Lontar.id – Corona (pandemi Covid-19) mengubah keteraturan menjadi kekacauan. Dari cosmos menjadi chaos. Namun, ada dampak positif dari semua kejadian tersebut. Hal itu disampaikan oleh Gubernur Daerah Istimewa Yogyakarta (DIY), Sri Sultan Hamengkubuwono X, Selasa, 16 Juni 2020.
Pernyataan Sultan tersebut disampaikan dalam #SultanMenyapaJilid9. Dalam sapaannya, Sultan mengatakan, di DIY, reformasi birokrasi telah digulirkan sejak Maklumat No. 10/1946 tentang Perubahan Pangrèh Prâdjâ ke Pamong Pradja.
Esensinya bukan sekadar istilah, tetapi juga mengubah tata pemerintahannya, dari Abdi-Negara ke Abdi-Masyarakat. Di sanalah sumber Filosofi ASN itu, dari “dilayani” menjadi “melayani”. Mereka bukan sekadar kerumunan pekerja kantoran, tapi insan peradaban sarat empati.
“Corona mengubah keteraturan menjadi kekacauan. Dari cosmos ke chaos. Dampak positifnya, adalah pergeseran peradaban yang mengubah perilaku. Budaya bersih, peduli lingkungan, belajar disiplin, menguji rasa kemanusiaan dan semangat kegotongroyongan, juga menyadarkan manusia akan makna kehidupan yang lebih hakiki,” urainya, seperti tertulis dalam rilia Pemprov DIY.
Konsekuensinya, ASN harus bersiap diri memasuki Era Normal-Baru dengan norma dan etika yang baru pula. Lanjutannya, ASN harus mengubah mindset, karena masyarakat yang dilayaninya pun semakin cerdas –knowledge society, dengan tuntutan yang beragam.
“Sedangkan di depan tak ada jalan, kecuali membangunnya sejak dini!,” Imbuh Sultan
Jalan, menurutnya, adalah sesuatu yang linier, dan di dunia yang tidak linier, penuh lonjakan gejolak ini, kita harus melakukan lompatan pemikiran non-linier. Dari daratan yang dikenal baik ke sebuah pulau yang tak dikenal sama sekali. Dari terra firma ke terra incognita. Bukan dengan “sedan mewah” masa silam. Tetapi “jip persneling ganda” yang bisa menjelajah medan sulit dan mudah untuk dimanuver.

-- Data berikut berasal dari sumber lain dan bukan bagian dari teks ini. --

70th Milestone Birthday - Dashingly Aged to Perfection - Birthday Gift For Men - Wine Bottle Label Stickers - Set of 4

Meski bermetafora mekanis, wahana baru itu, kata Sultan, tetap punya hakikat organisme biologis yang hidup. Bukan mesin. Birokrasi baru itu merupakan jaringan pemikiran trans-disiplin, para pakar yang berbagi ilmu, perwujudan TripleHelix model Jogja.
“Mereka ada yang di dalam dan yang lain ada di luar birokrasi. Sehingga menjadikannya birokrasi cerdas, karena digerakkan oleh mesin imajinasi manusia. Mengundang partisipasi publik dan mitra kerja untuk melakukan penjelajahan Era Normal-Baru, berkolaborasi mendefinisikan protokol Norma-Baru,” urainya.

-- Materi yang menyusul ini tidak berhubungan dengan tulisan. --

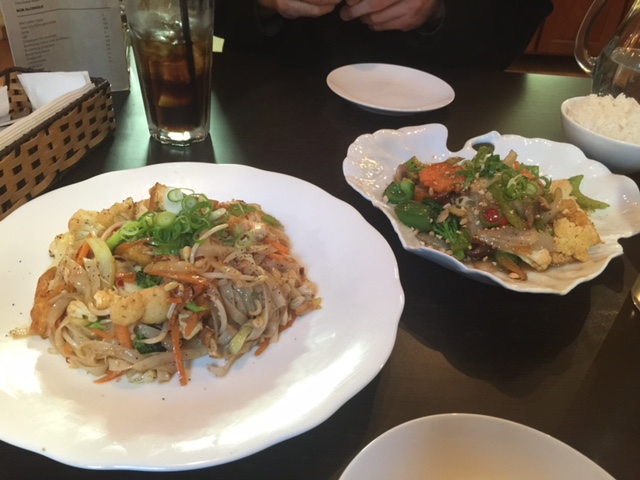 Wednesday night we dined at Saigon Kingdom, a Vietnamese restaurant. Again another spectacular meal. I can’t exactly remember what the dishes were but a Pad Thai type noodle dish (left) and a vegetable something with tofu. Again, plates went back without a grain of rice left.

Sayangnya, imbuh Sultan, tak ada perhentian dalam rally ke masa depan itu. Tak ada jeda untuk memulihkan tenaga, karena proses perubahan itu sendiri menjadi lomba adu cepat dan asah cerdas. Mereka yang terlalu lama menjalani proses itu dan berlaku bimbang, bisa menjadi pecundang. Lebih buruk lagi, tak dapat turut serta dalam perjalanan.
Karena itu, harus dilakukan perubahan radikal terhadap Birokrasi agar tidak Birokratis, tapi Inovatif, aplikasi dari simbol “Satriya” yang tersemat di dada, meski perubahan itu pun harus dilakukan di tengah lomba itu sedang berlangsung.
Inilah gambaran Birokrasi yang Melayani, bentuknya ramping, proaktif, responsif, partisipatis, sarat empati dan mudah bergerak cepat untuk hadir di tengah masyarakat, membangun relasi, bermitra mencari solusi.
“Ayo! Hidupkanlah mesin birokrasi sebagai aktor perubahan dan insan peradaban yang melayani seperti itu. Ya Allah, jauhkanlah itu semua dari sebuah utopia, dan dekatkanlah menjadi realita,” tutupnya.